Database of Case Studies Achieved Using CADP

Atomicity Maintenance in EPCReport of ALE

Organisation: North China University of Technology, Beijing (CHINA)
Central Michigan University (USA)

Method: LOTOS

Tools used: CADP (Construction and Analysis of Distributed Processes)

Domain: Trading.

Period: 2011

Size: n/a

Description: EPCglobal published a framework for developing applications of Electronic Product Code (EPC) network in 2005. In order to leave flexibility to it user, it only gives a series of interfaces for implementation. The Application Layer Event (ALE) is one of the interfaces through which clients may obtain filtered consolidated EPC data from a variety of Radio Frequency Identification (RFID) readers. The objective of ALE is to reduce the volume of EPC data that comes directly from RFID readers into applications. The processing done at this layer typically involves: (1) receiving EPCs from one or more RFID readers; (2) accumulating data over intervals of time, filtering to eliminate duplicate EPCs and EPCs that are not of interest, and counting and grouping EPCs to reduce the volume of data; and (3) reporting in various forms.

EPCglobal provides an API to facilitate development of ALE applications. The API specifies the atomicity property constraint by a case study while leaving the flexibility of implementation up to the developers. An important issue the developer has to deal with is the atomicity property of event cycle. That is, an event cycle is treated as a single atomic unit and proper handling failure of a read cycle (as part of an event cycle) is critical. If a read cycle failed the EPC data will be lost according to EPCglobal standards. So there is no way to undo a completed operation and reverting the system back to its previous state.

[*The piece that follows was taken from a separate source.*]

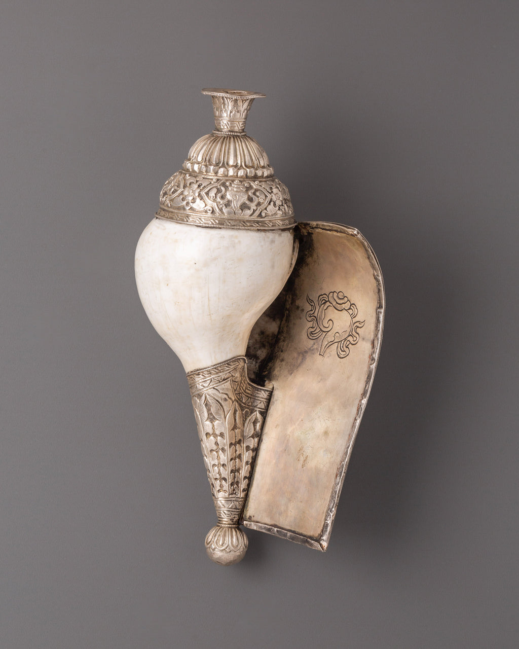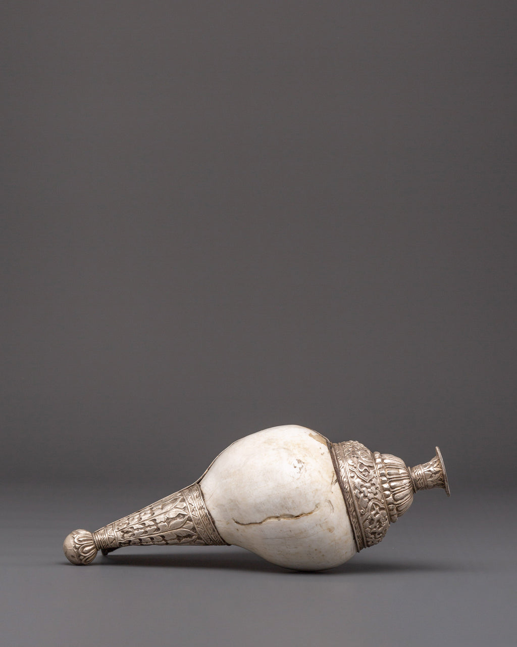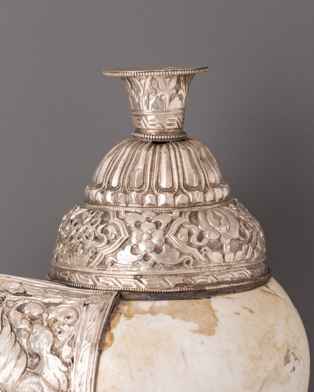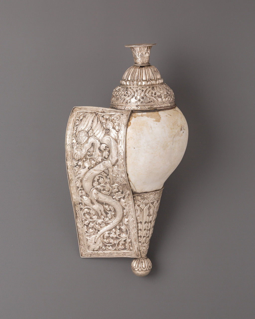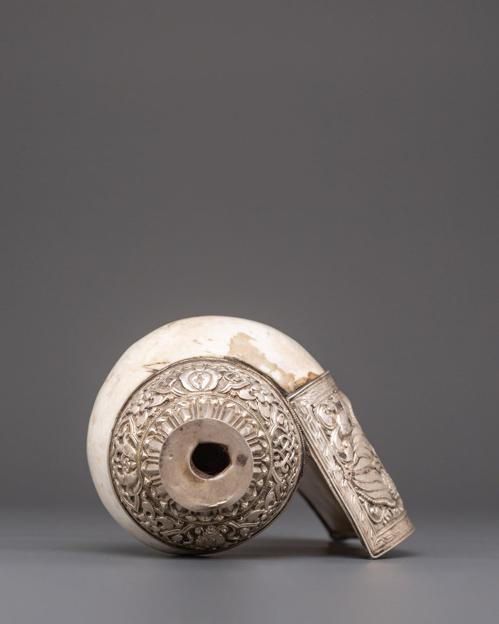 This Tibetan conch shell highlights the natural spirals and textures of the shell, which are traditionally associated with the flow of sacred energy. Its polished surface combined with white metal accents gives it a distinctive presence while maintaining its spiritual essence. When used in rituals, the conch shell produces a resonant sound believed to purify the environment, awaken awareness, and encourage harmony in both personal and shared meditation spaces. This makes it an ideal addition to spiritual practices, meditation sessions, or sacred displays.

To remedy this problem, a fault tolerant strategy is proposed, based on a new architecture for ALE with respect to fault tolerance and design several algorithms implementing the poll method of the API.

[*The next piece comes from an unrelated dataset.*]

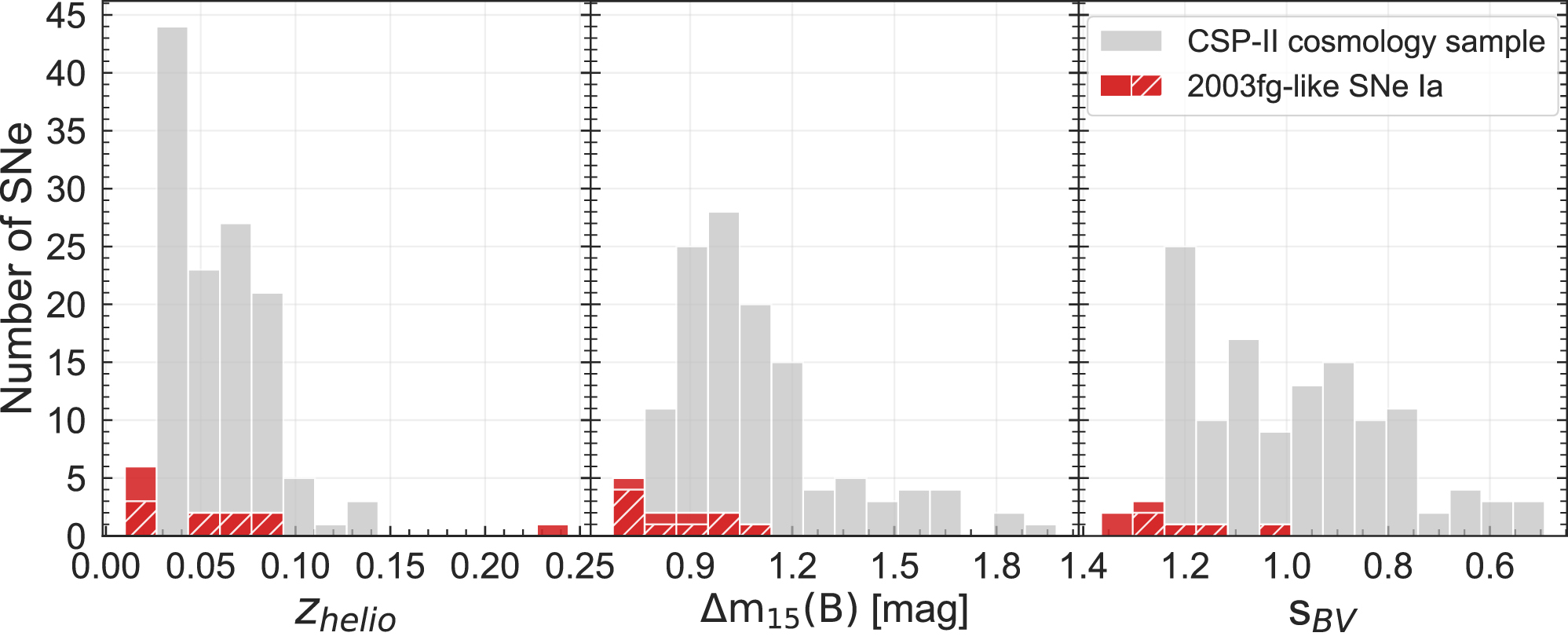Figure 1. Histograms of zhelio (left panel), Δm15(B) (middle panel), and sBV (right panel) of the 2003fg-like SN sample compared to the CSP-II SN Ia cosmology sample from Phillips et al. (2019). Nine 2003fg-like SNe followed up by CSP (including CSP-I and CSP-II) are marked with red hatched bars, and four not followed up by CSP are stacked on top with red non-hatched bars. The SNe Ia from Phillips et al. (2019) are shown as gray shaded bars.
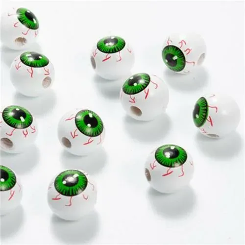 White bead with detailed eyeball design. Great for Halloween jewellery.

Two polling modes (synchronous and asynchronous) and three algorithms for the poll method were proposed and described formally in LOTOS. Successful termination of transactions in the two polling modes was expressed as a temporal property in regular alternation-free mu-calculus, and was checked on the LOTOS specifications using the EVALUATOR model checker of CADP.

Conclusions: As a key component of EPC framework, ALE plays an important role for the reliability and performance of EPC applied systems. The new ALE architecture proposed increases its reliability, and the separation between fine-grained cycle and coarse-grained event cycle, EPC network channels can be released to prevent traffic block. The formal analysis using LOTOS and CADP has shown the effectiveness of the proposed architecture.

Publications: [Sun-Zhao-Wang-Hu-11] Jing Sun, Huiqun Zhao, Wenwen Wang, and Gongzhu Hu. "Atomicity Maintenance in EPCreport of ALE". Proceedings of the 10th IEEE/ACIS International Conference on Computer and Information Science ICIS'2011, pages 224-229, IEEE Computer Society Press, 2011.
Available on-line at: http://ieeexplore.ieee.org/stamp/stamp.jsp?tp=&arnumber=6086474
Contact:
Prof. Gongzhu Hu
Computer Science Department
Central Michigan University
Office: 115 Pearce Hall
Mount Pleasant, Michigan 48859
USA
Tel: 989-774-2848
Fax: 989-774-3728
Email: hu1g@cmich.edu



Further remarks: This case study, amongst others, is described on the CADP Web site: http://cadp.inria.fr/case-studies


Last modified: Fri Feb 19 09:12:04 2016.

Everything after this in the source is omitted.